In 2017, South London’s designer Charlotte Knowles and her partner Alexandre Arsenault joined forces to create a brand that presents a new perspective on what female iconography could be when recentering the gaze. In prevailing with embroidered corsets, bra-based constructions and mini-dresses, they play a conceal-reveal game set in the sensual 70s. It screams freedom. Since debuting on Fashion East’s grounds, Charlotte Knowles has patchworked her version of modern femininity that’s sexy and in charge, paying a subtle homage to Vivienne Westwood’s refined lingerie-related garms and this decade’s social shape-obsession.
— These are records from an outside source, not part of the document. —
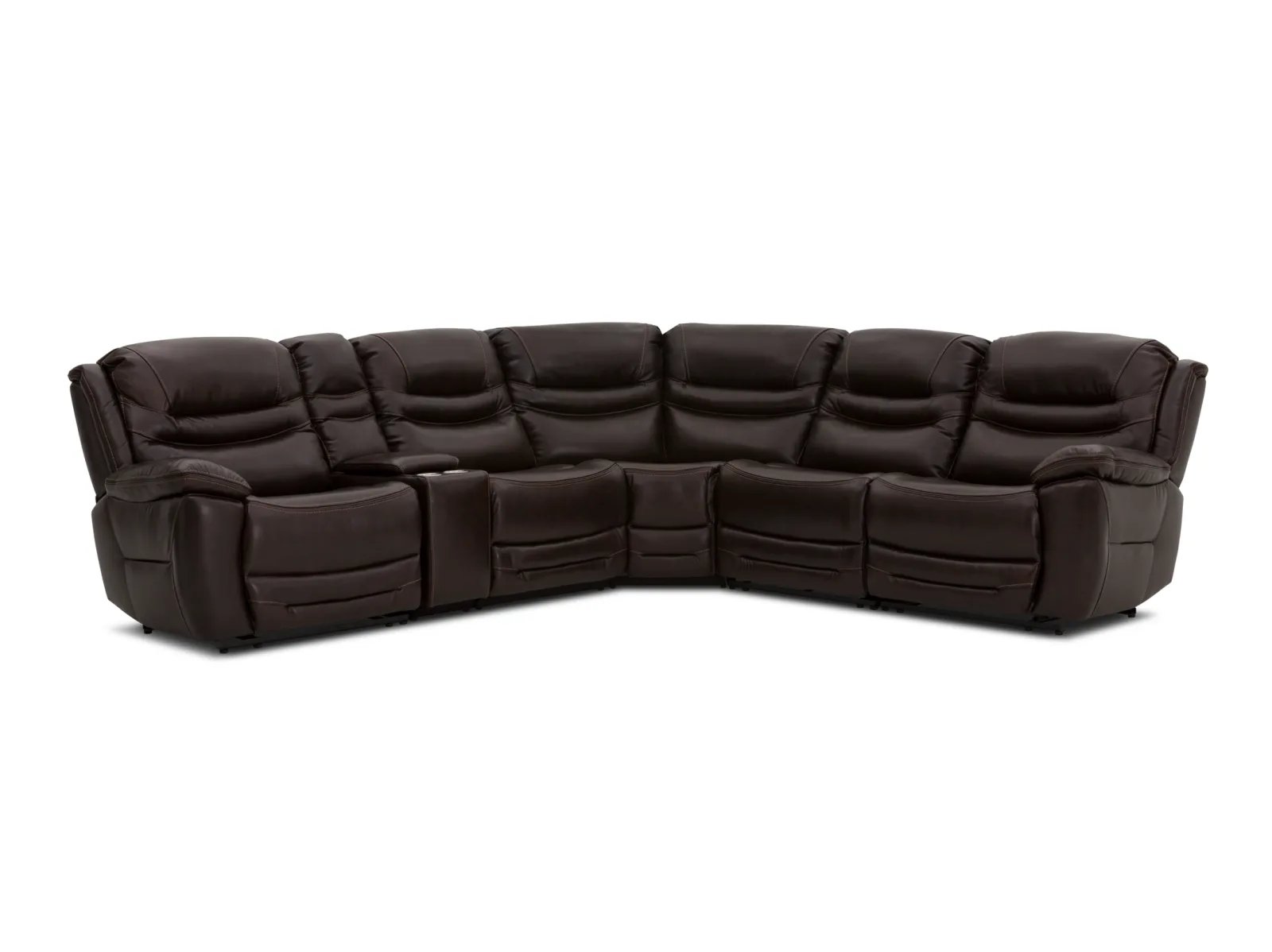 Build the room of your dreams with the Lounge II 6 Pc. Leather Reclining Sectional. This large L-shaped sofa features power motion reclining for easy relaxation after a long day. Upholstered in smooth, walnut brown top grain leather, the Lounge II is luxuriously padded with high pub backs and pillow-top arms so that you and your guests will feel cradled in comfort. With unique features such a catch-sleeve to prevent the loss of change, remotes, and keys as well as a charging station with stainless steel cup-holders, the Lounge II has everything you need and more in order to ensure you have stress-free relaxation. Take home this gorgeous lounging sectional today.
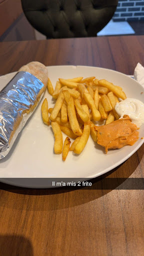 Pour avoir des frites il faut rajouter 1euros, alors que la quantité est vraiment minime, très très peu de frites (surgelées). Ce qui nous fait 6euros pour un kebab+frites sans la boisson.
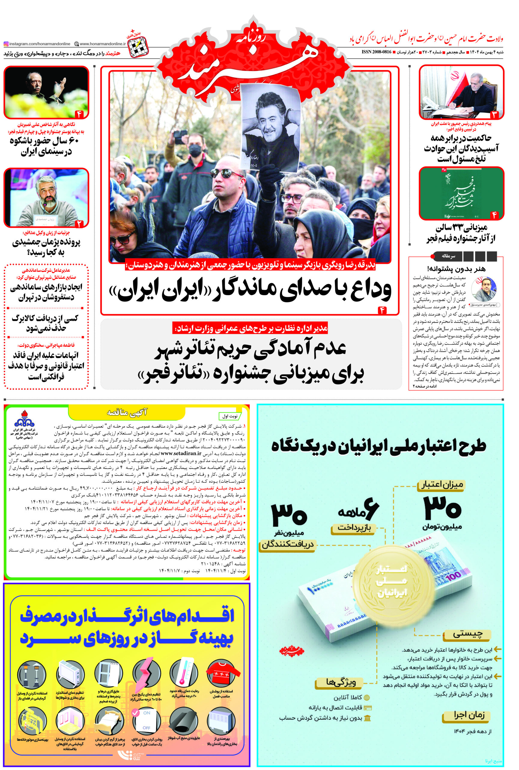 روزنامه «هنرمند» شنبه 4 بهمنماه ۱۴۰۴
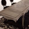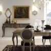Мебель для столовой из коллекции Bisanzio выполнена в классическом стиле и покрыта серым матовым лаком. Стол раскладной, гладкая столеница покрыта растительным орнаментом. Стул имеет мягкую текстильную обивку из ассортимента компании производителя. На моделях присутствуют росскошные резные элементы
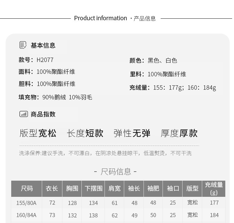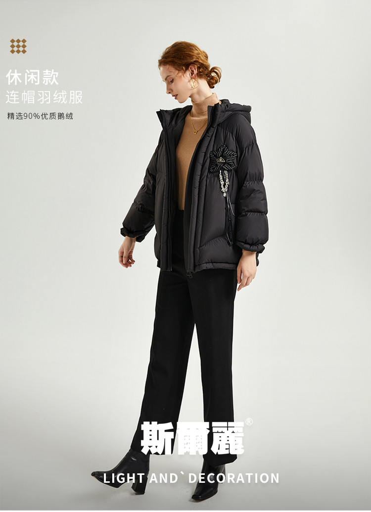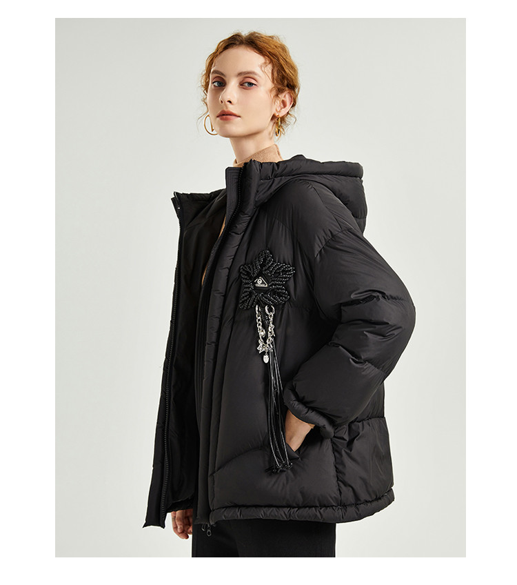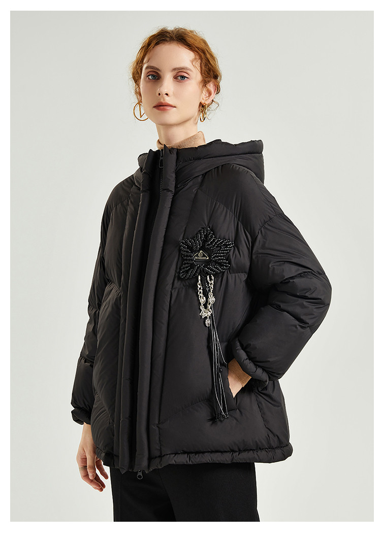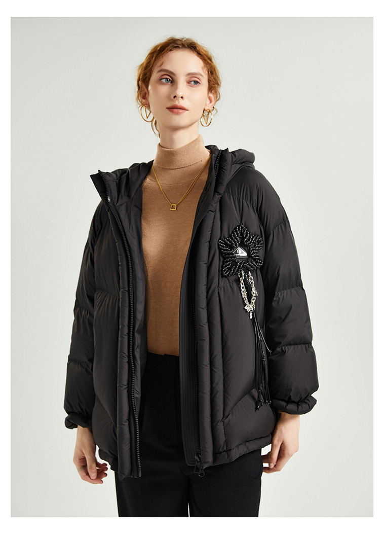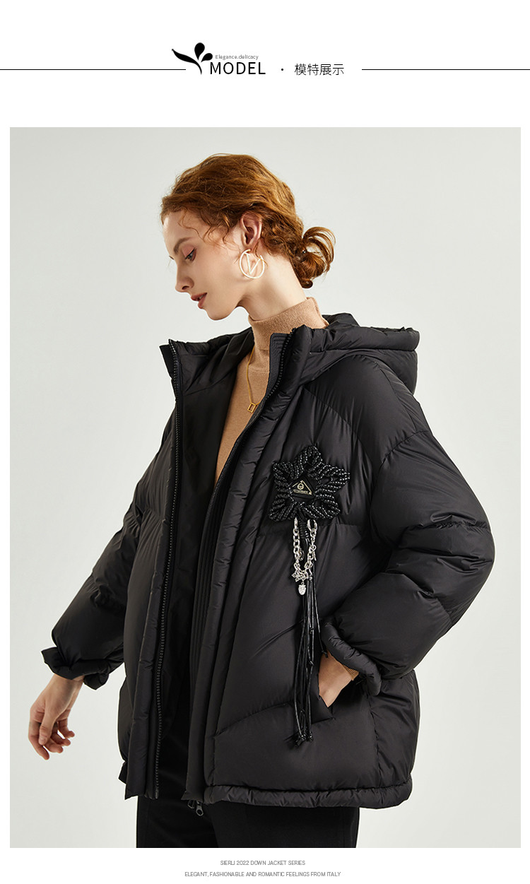 商品名称:【鹅绒】厚款保暖连帽女士短款宽松休闲泡芙羽绒服 875871
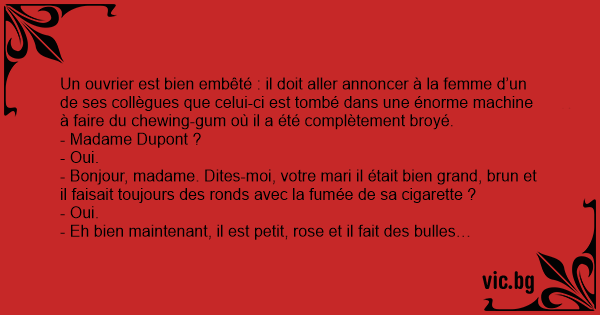 Un ouvrier est bien embêté : il doit aller annoncer à la femme d’un de ses collègues que celui-ci est tombé dans une énorme machine à faire du chewing-gum où il a été complètement broyé.
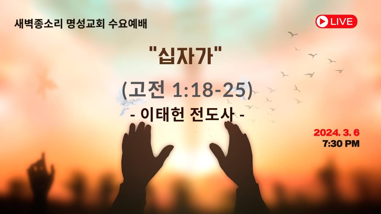 2024-03-06 수요기도회 (실시간: 7:30) | 십자가 | 성경: 고전 1:18-25 | 설교: 이태헌 전도사 | 새벽종소리 명성교회
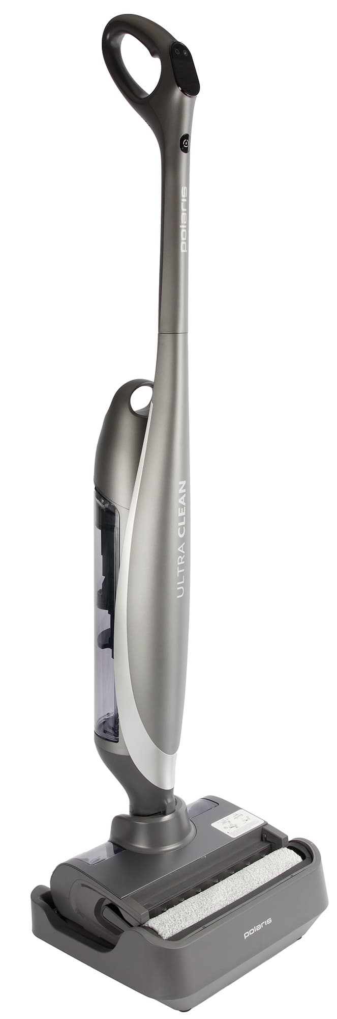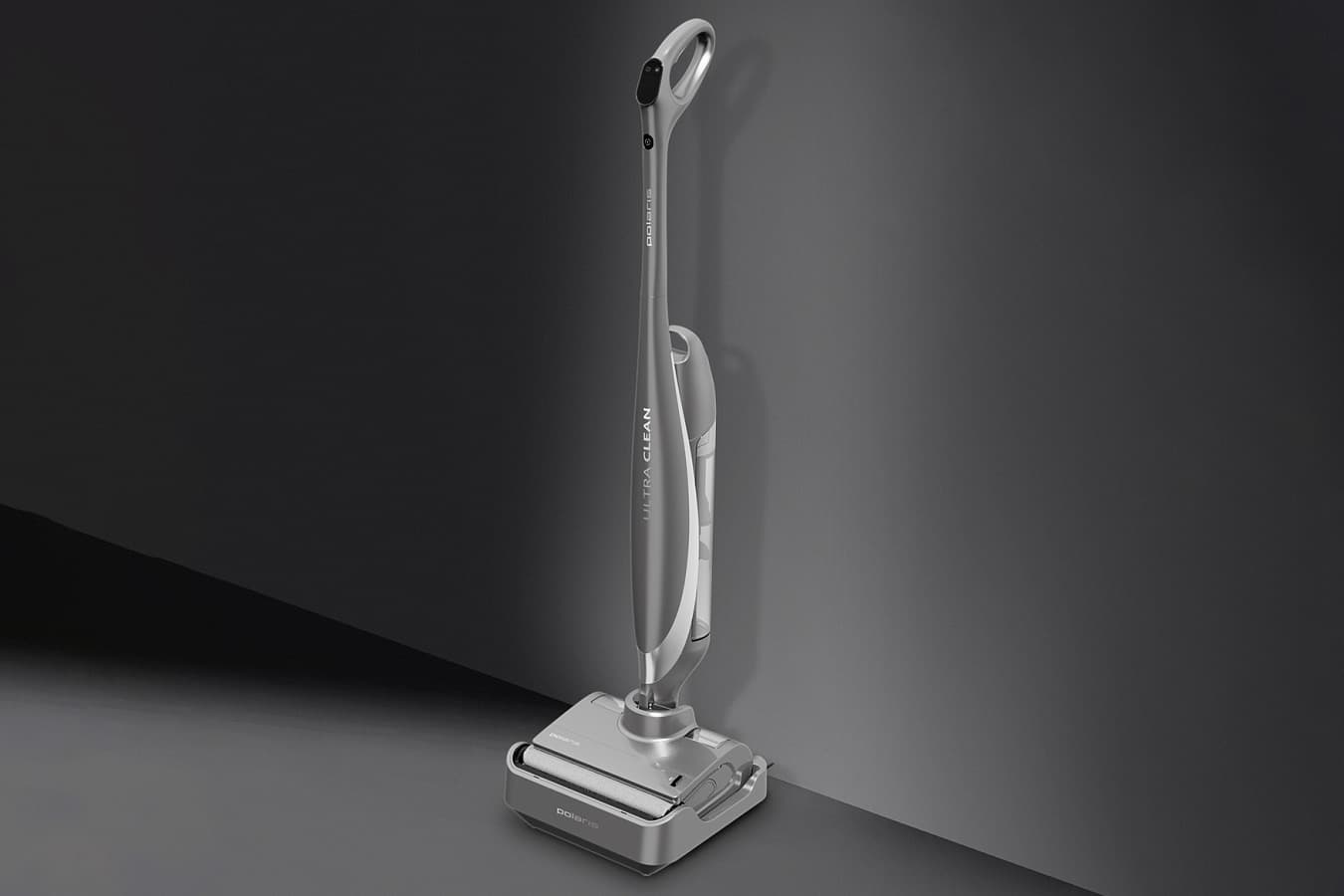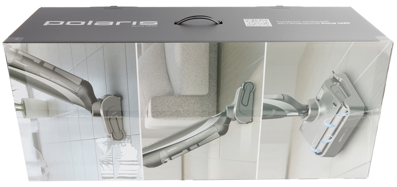 Новая модель в линейке вертикальных моющих пылесосов Polaris отличается наличием базовой станции, промывающей роторную щетку и сушащей ее горячим воздухом.

British-Nigerian designer Mowalola Ogunlesi’s career has skyrocketed since her first menswear show for Fashion East in AW19. She served an explosive mixture of sex, punk and music-influenced garms by London’s vibrant Black club scene. Her tribe walked the runway covered in silk, latex and leather imprinted with trippy graphics. During her three-season tenure with the talent incubator, she’s become a truly ground-breaking designer, favoured by celebrity style icon Naomi Campbell who wore her bold bullet-wound dress. Only recently Mowalola has released a short video ‘Drip City’, evolving around her fashion aesthetics translated into digital for GucciFest, and was recently appointed as Yeezy x Gap’s Design Director. Mowalola has provocation in blood and is not scared to broach often unspoken topics like the horror of falling in love and racial inequality. We were honoured to feature Mowalola, along with rapper boyfriend Odunsi, on the cover of the latest issue of BRICKS (available to purchase from our online store), and we can’t wait to see her continue her fashion takeover into 2021.